Authoritie­s organised a tightly controlled press conference with the boys that evening in which they recounted drinking water that dripped from rocks and trying to dig their way out during the first nine days before they were located by British divers.

After spending a night at home, many of the boys attended a ceremony the next morning at Wat Pha That Doi Wao in Mae Sai near the Myanmar border where they prayed for longevity and a good life.

They also paid tribute to former Thai Navy Seal diver Saman Kunan, who ran out of oxygen and died while helping resupply air tanks along the cave’s narrow passageway­s. He was the only casualty in the otherwise successful operation dubbed “Mission Impossible”.

Holding hands together in prayer, the boys sat together in the temple while chants of Buddhist monks filled the room.

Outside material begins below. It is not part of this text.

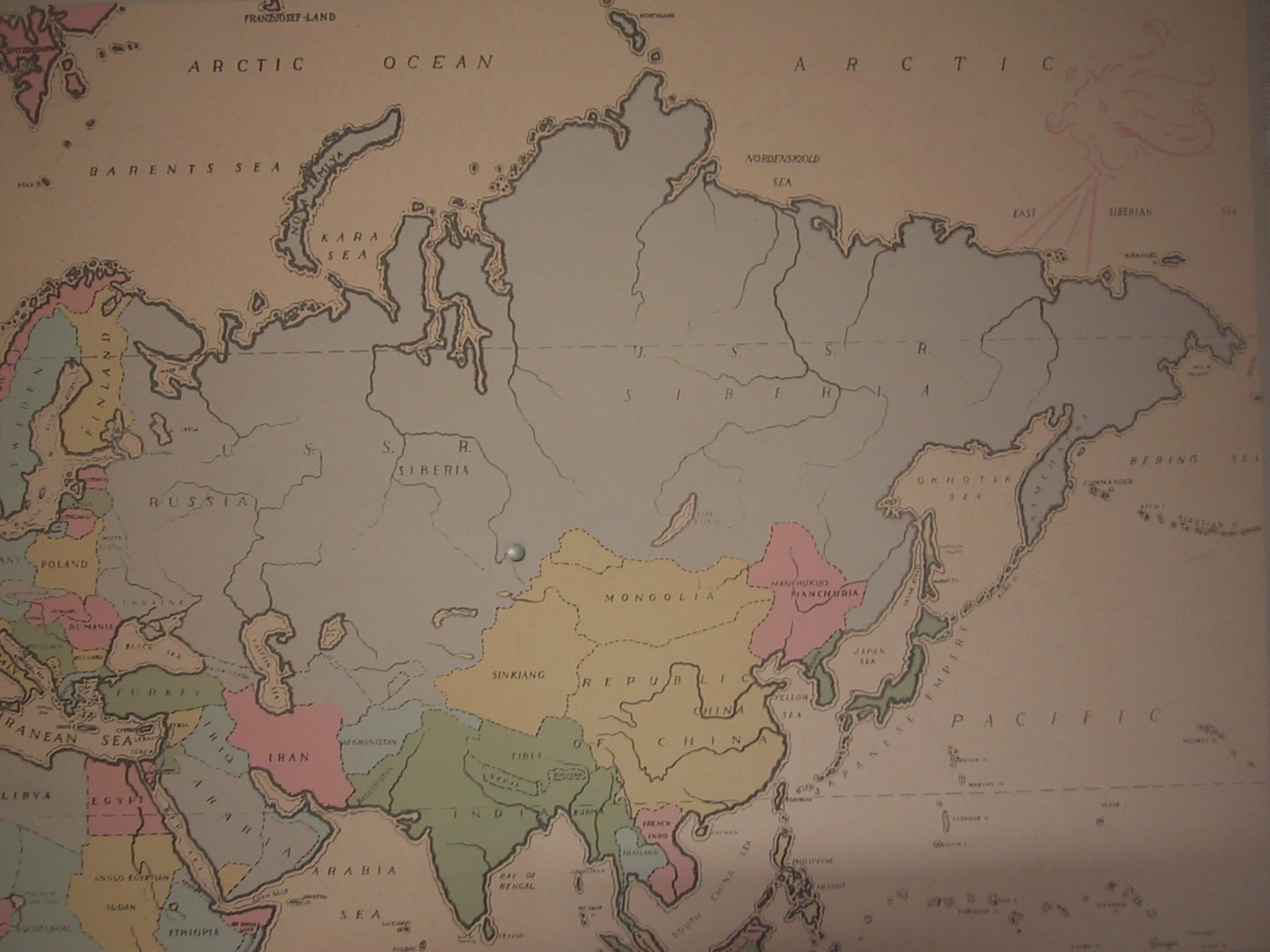 This is the Asian portion of an old map of the world (a Mercator projection on a plywood backing) that my old roommate's mother used when she was a schoolteacher. Judging by its inclusion of Manchukuo, and the Transcaucasian Republic in the USSR, this seems to have been made somewhere from 1932 to 1936. Note its inclusion of Tannu Tuva northwest of Mongolia (though it's inaccurately drawn--it's backwards!). The tack may have been intended to mark the location of Novosibirsk.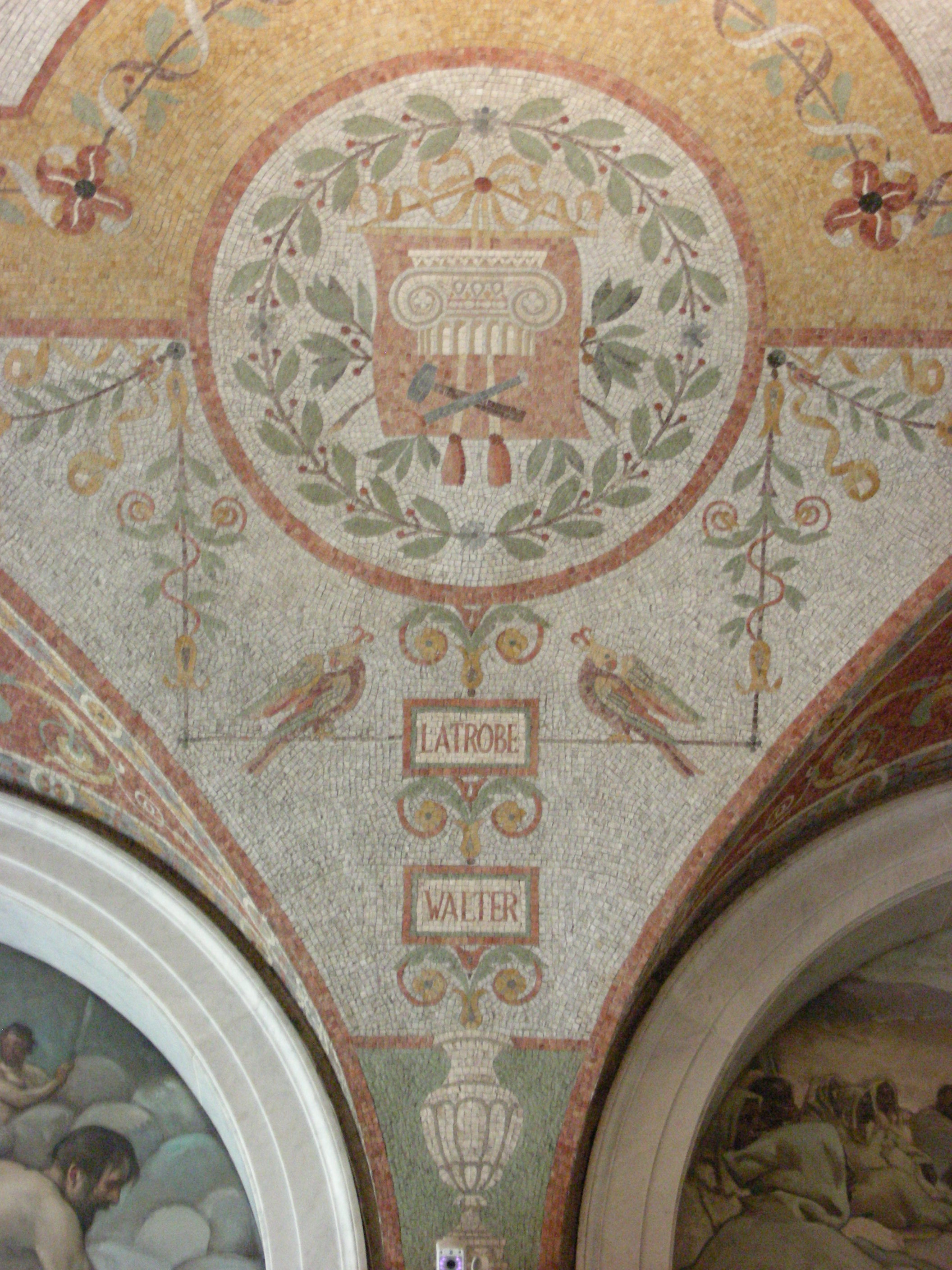 Mosaic in ceiling of Library of Congress, Washington, DC, USA honoring Benjamin Henry Latrobe and Thomas Ustick Walter

Officials have advised families of the youngsters to avoid interviews with the media for one month to let them settle back into their normal routines.

The boys will not resume their studies just yet, spending time at home with their families instead, authoritie­s said.

But cameras flashed away as the boys entered the temple yesterday in a sign of the ongoing interest in the story.

Film production houses have said they are looking into a Hollywood-style treatment of the harrowing ordeal, which captivated people around the world as the risky operation to extract the team unfolded.

They walked into the cave on June 23 after football practice, thinking they would only be there for an hour to explore, and then vanished for days.

Foreign divers and Thai Navy Seals spent three days bringing the boys out by carrying them through the waterlogge­d corridors of Tham Luang.

The youngsters, aged 11 to 16, wore full-face oxygen masks and were sedated to keep them calm during the high-stakes operation.